The internet likes to polarize everything from politics to products; Kubernetes and Docker are no exceptions – but these two resources are not natural competitors. In fact, they can be used together to package, scale, and stabilize your applications.
The question you should be asking is, “Will just one of these help my business or would I benefit from using both?”
Containers offer a solution for transporting and packaging application code, libraries, and resources from their native development environments to other servers and machines.
Why does this matter?
Contained applications don’t rely on the resources of the environments they are used in, they are self-sufficient to promote ease of use. This has been seen as a game changer for development operations, or DevOps.
Developers write in their own environments. Like with anything created for a specific scenario or location, when you move it – problems and bugs are inevitable.
Containers keep the code resources isolated from OS frameworks, making it seem like the container contents are running on their own independent OS. This internal structure makes it possible for applications to run on other machines without worrying about having to install external elements on every machine your application connects with.
Building your apps in containers allows them to run on an operating system as if it’s isolated from that system. All you need to run your app successfully on a foreign machine is a containerization platform like Docker or Kubernetes.
Docker is where containers are built.
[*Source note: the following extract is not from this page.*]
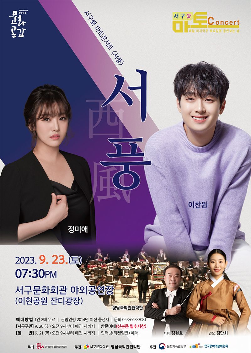 서구愛 마토콘서트‘서풍’공연은 서구문화회관에서 매년 이현공원 잔디광장에서 개최하고 있는 브랜드 공연으로 올해는 대구 출신의 국민 트로트 가수 이찬원과 정미애, 대구의 유일한 서도민요 소리꾼 김단희를 초청하여 영남국악관현악단(지휘 김현호)과의 국악 오케스트라 협연으로 라이브 무대를 마련하였다.

A Docker File holds all the defining factors, locations, and specifications to build your Docker Image components. Docker then facilitates the packaging and distribution of your containerized apps.
Docker’s file format has become the industry default as it allows for automated app deployment. While Docker offers a solid way to package and distribute apps, it lacks the large-scale scheduling capabilities needed to deploy multiple containers.
Kubernetes is arguably the industry lead in container management. An open source software developed at Google, Kubernetes main function is managing containers; deployment, scheduling, scaling, and supporting containerization via programs like Docker…and it even has its own convention.
Kubernetes uses its own API to direct containers and determine how they run. This attribute helps Kubernetes manage the complex process of moving and scaling multiple containers over a large number of servers.
Kubernetes can operate across clusters while Docker works off a single node. In this context, clusters are a community of machines ‘clustered’ together to work as one big machine across networks. A single node is usually a single server, OS, or machine.
In order to deploy your app cleanly, you need cross-cluster functionality through a software like Kubernetes. Docker also facilitates this in-house via Docker Swarm.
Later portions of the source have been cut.